Comment by crazygringo

Comment by crazygringo 15 hours ago

2 replies

I truly wish more people understood this.

The entire cry of "corporations aren't people!" is based and a complete misunderstanding of what a legal person is. You've done a great job at explaining.

Unfortunately, there are a lot of people who willfully propagate these misunderstandings. Because by saying "of course corporations aren't people, and everybody knows this except those dumb <other side>", it's an easy way to try to vilify the other side as dumb/evil. When the reality is that it's simply a tried-and-true necessary and useful legal concept, that virtually nobody but lawyers would even be familiar with in the first place, if it weren't for activists who thought it sounded scandalous.

yunwal 13 hours ago

> The entire cry of "corporations aren't people!" is based and a complete misunderstanding of what a legal person is.

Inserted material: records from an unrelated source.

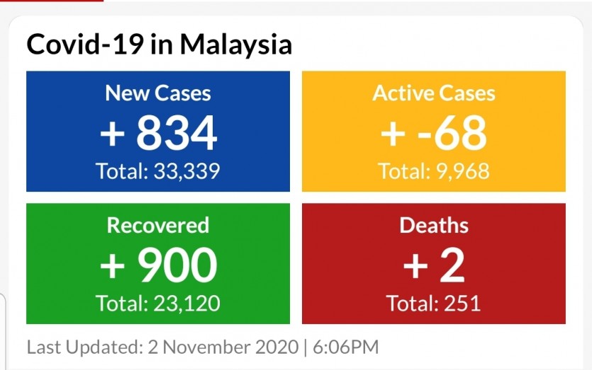 11월2일 확진자 834명
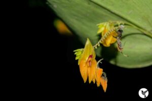 Telipogon bowmanii: This orchid is found in the Andes Mountains of Peru, Ecuador and Colombia, where it grows as an epiphyte on trees and rocks. It is known for its unique flowers, with a bright yellow color and have a distinctive shape like their pollinators.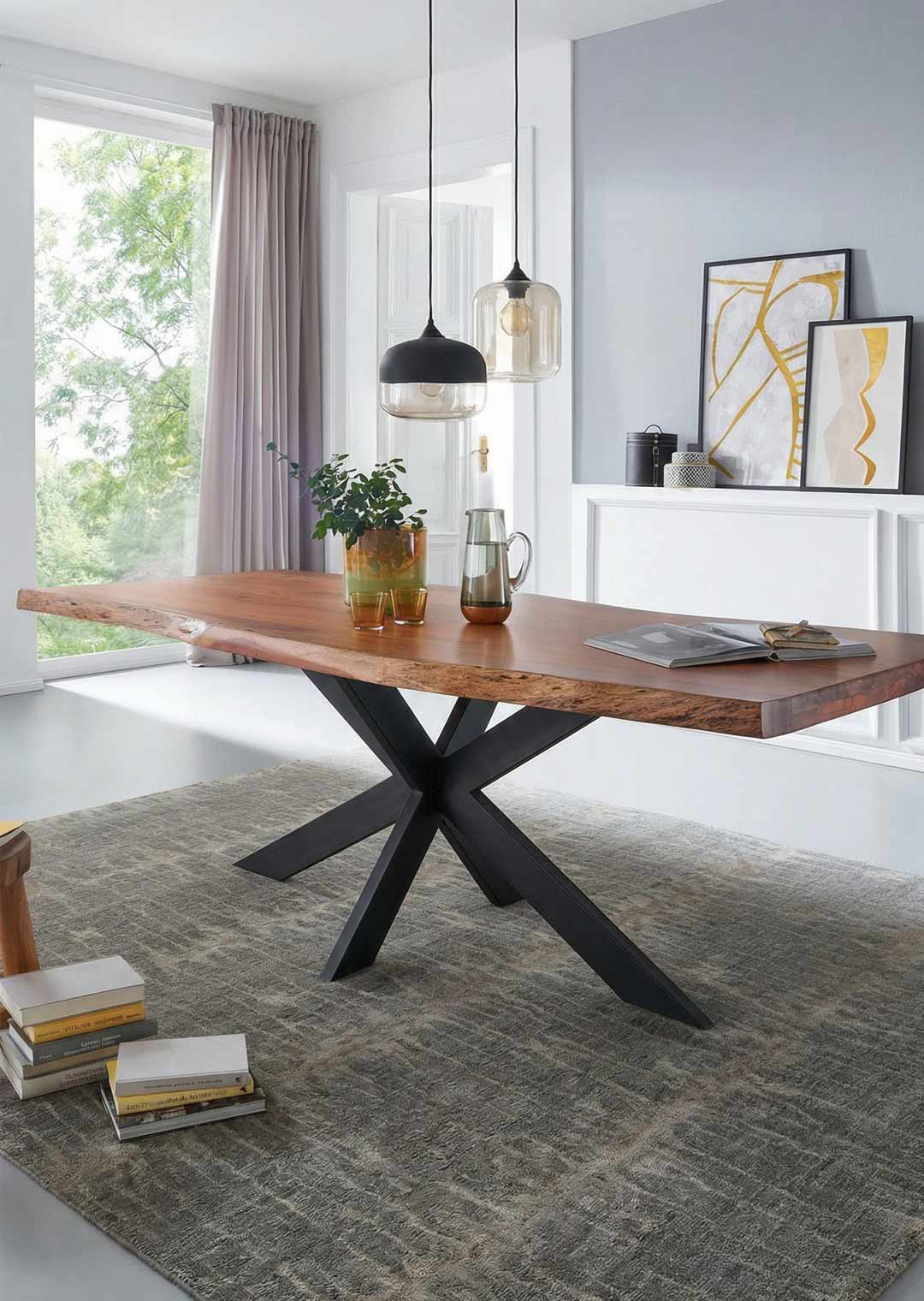 | Eigenschaften | Tischbeine Metall als Spider-Gestell, echte Baumkante, Naturprodukt mit natürlichen Farbabweichungen und Unebenheiten |

> if it weren't for activists who thought it sounded scandalous

It wasn’t activists who first misunderstood the concept, it was the Supreme Court, who decided that corporate personhood gives corporations the same first amendment rights as real personhood. It’s not ridiculous to point out that if freedom of speech is implied by corporate personhood, it was insane to give corporations personhood in the first place.

  • crazygringo 12 hours ago

    The Supreme Court was going to decide whatever they wanted, regardless of which linguistic terms were used to describe the underlying legal concepts which remain the same.

    If you look at the text of the first amendment, the word "person" doesn't appear in that part. It says "Congress shall make no law... abridging the freedom of speech." It doesn't say that the speech has to come from "persons". So I'd say you're the one misunderstanding here.

    I think it was a dumb Supreme Court decision, but I'm not going to pretend it had anything to do with the fact that corporations are called a "legal person" instead of a "legal entity" or some other term that ends up meaning the exact same thing. Disagree with their decision, great. But arguing over legal terminology is a waste of breath.